- [What to do]:
In the data below, retype exactly the line that contains "Rescue members and" and every line after it, through the last.
[Recorded information — start]
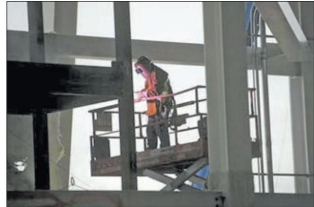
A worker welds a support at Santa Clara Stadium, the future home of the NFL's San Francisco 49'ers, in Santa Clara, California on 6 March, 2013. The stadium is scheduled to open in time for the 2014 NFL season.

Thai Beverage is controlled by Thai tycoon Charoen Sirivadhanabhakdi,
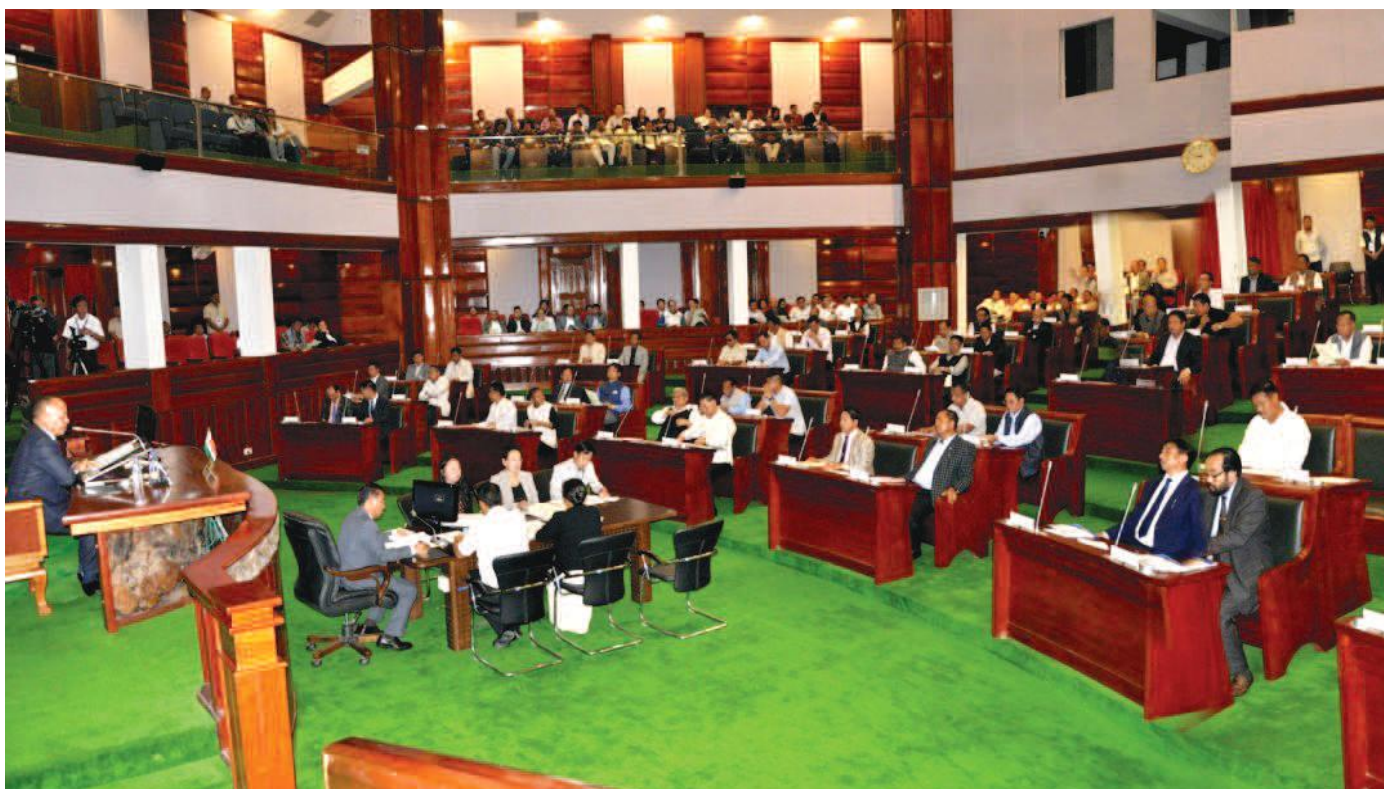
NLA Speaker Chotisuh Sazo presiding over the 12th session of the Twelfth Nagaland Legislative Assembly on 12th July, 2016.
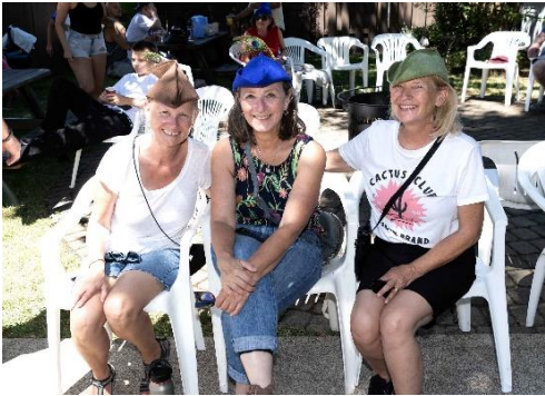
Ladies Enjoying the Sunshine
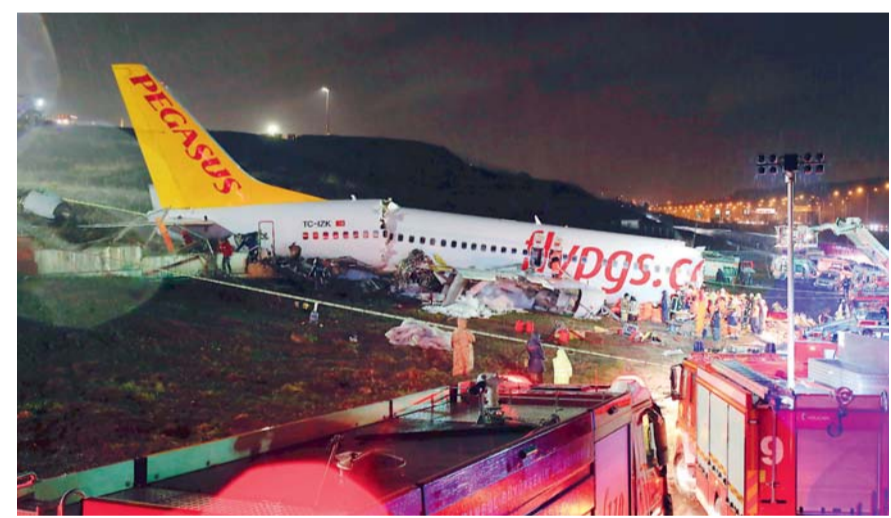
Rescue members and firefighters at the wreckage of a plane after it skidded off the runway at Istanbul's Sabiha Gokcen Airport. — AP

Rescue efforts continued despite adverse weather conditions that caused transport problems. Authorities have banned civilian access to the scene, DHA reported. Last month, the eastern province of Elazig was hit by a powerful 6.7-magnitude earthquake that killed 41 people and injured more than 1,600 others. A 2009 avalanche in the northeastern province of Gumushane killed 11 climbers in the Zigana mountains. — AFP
[Recorded information — finish]
- [Result for this task]:
Rescue members and firefighters at the wreckage of a plane after it skidded off the runway at Istanbul's Sabiha Gokcen Airport. — AP

Rescue efforts continued despite adverse weather conditions that caused transport problems. Authorities have banned civilian access to the scene, DHA reported. Last month, the eastern province of Elazig was hit by a powerful 6.7-magnitude earthquake that killed 41 people and injured more than 1,600 others. A 2009 avalanche in the northeastern province of Gumushane killed 11 climbers in the Zigana mountains. — AFP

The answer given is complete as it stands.